Task directions: As an exercise in exact copying, transcribe the lines below from the one holding "1、甲方聘用乙方为造价员(土" through the last, with both ends included and pictures left out.

Dataset excerpt:
******************************
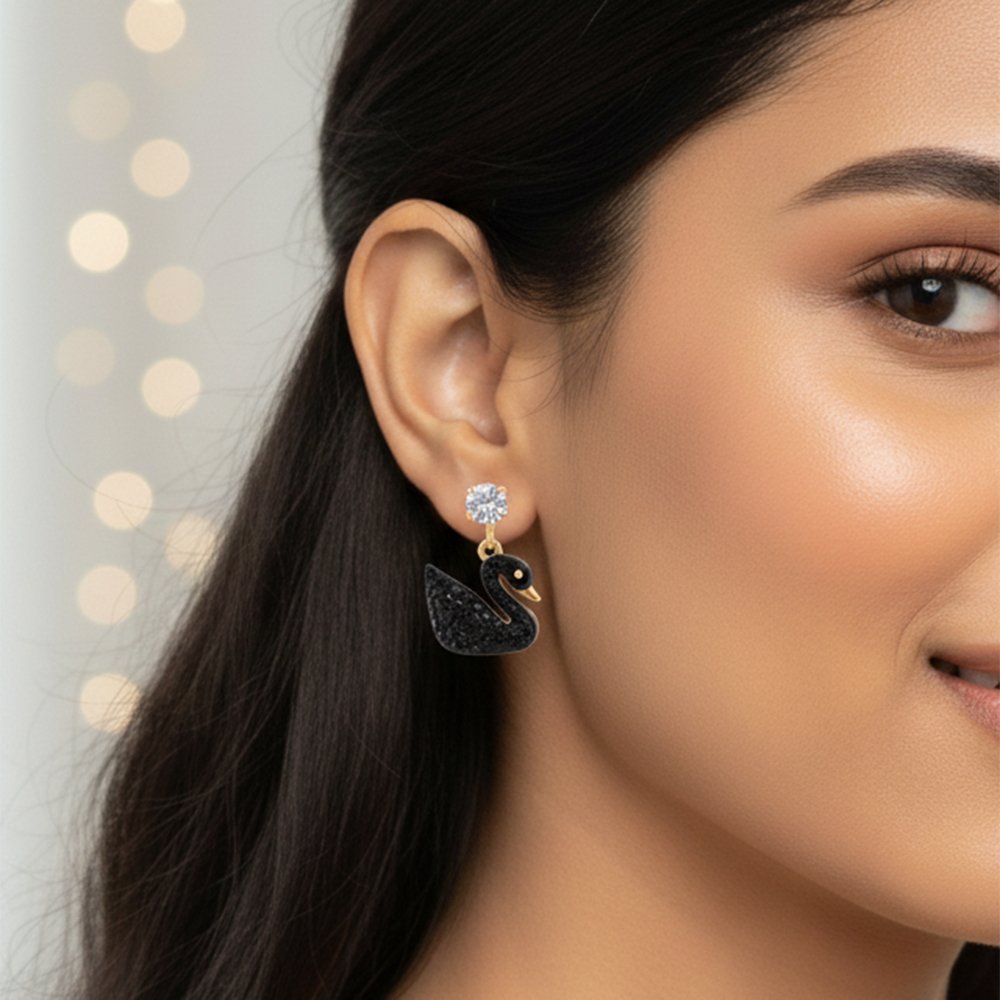 Make a graceful and sophisticated statement with the enchanting Black Swan Drop Earrings. The majestic swan silhouette is beautifully outlined in gold and filled with brilliant micro-pavé black CZ stones, hanging from a single, dazzling CZ solitaire stud. These earrings are the perfect blend of elegance and modern charm, adding a touch of luxury to any outfit.
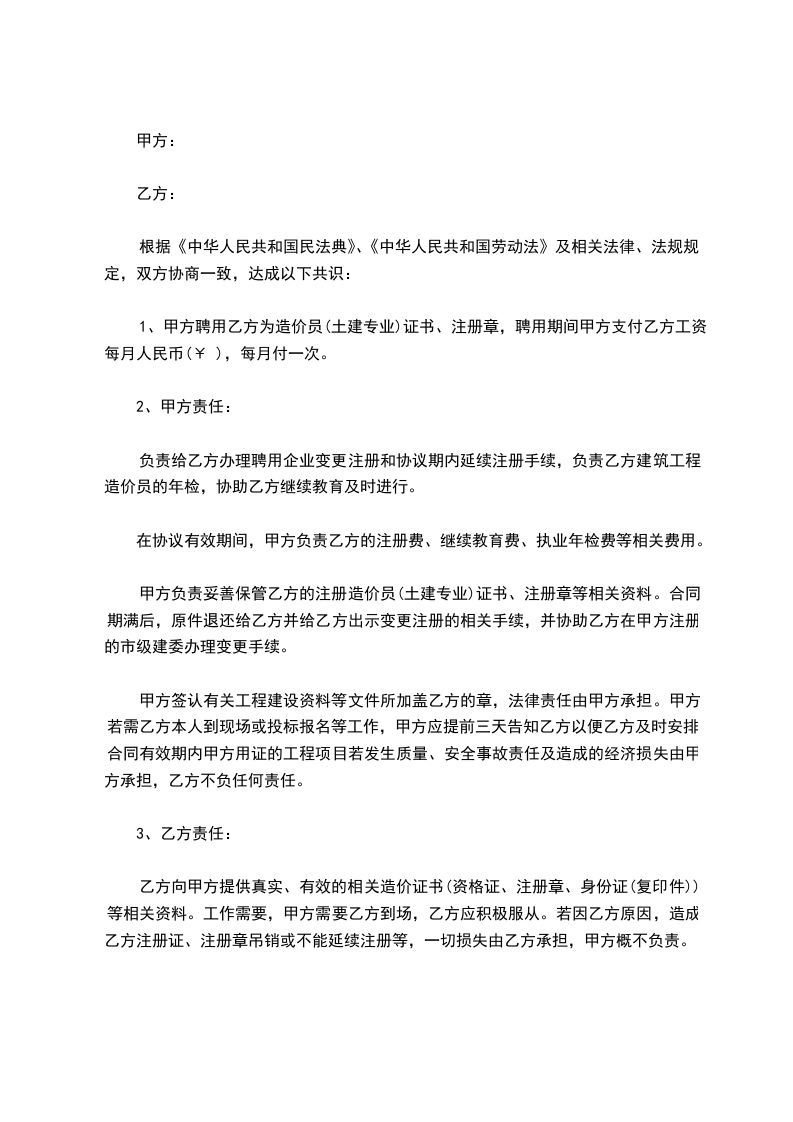 1、甲方聘用乙方为造价员(土建专业)证书、注册章,聘用期间甲方支付乙方工资每月人民币(¥ ),每月付一次。
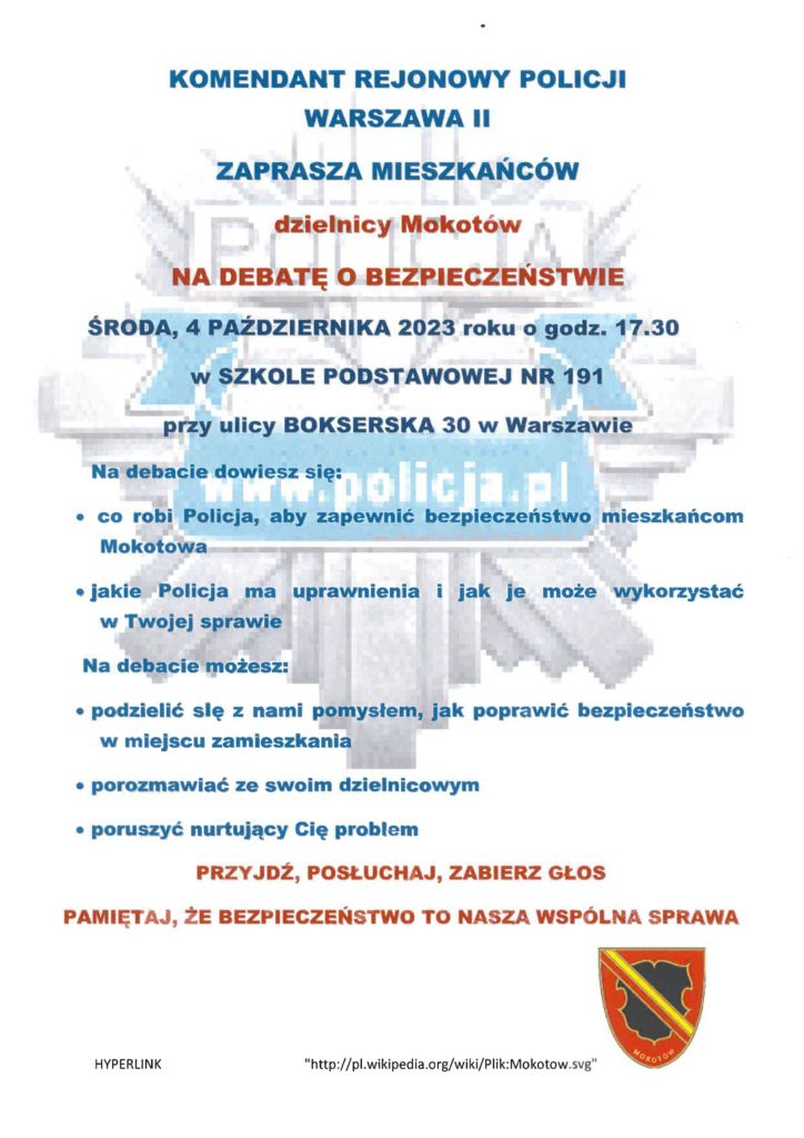 ZAPROSZENIE MIESZKAŃCÓW DZIELNICY WARSZAWA MOKOTÓW NA DEBATĘ Z KOMENDANTEM REJONOWYM POLICJI
******************************
Written reply:
 1、甲方聘用乙方为造价员(土建专业)证书、注册章,聘用期间甲方支付乙方工资每月人民币(¥ ),每月付一次。
 ZAPROSZENIE MIESZKAŃCÓW DZIELNICY WARSZAWA MOKOTÓW NA DEBATĘ Z KOMENDANTEM REJONOWYM POLICJI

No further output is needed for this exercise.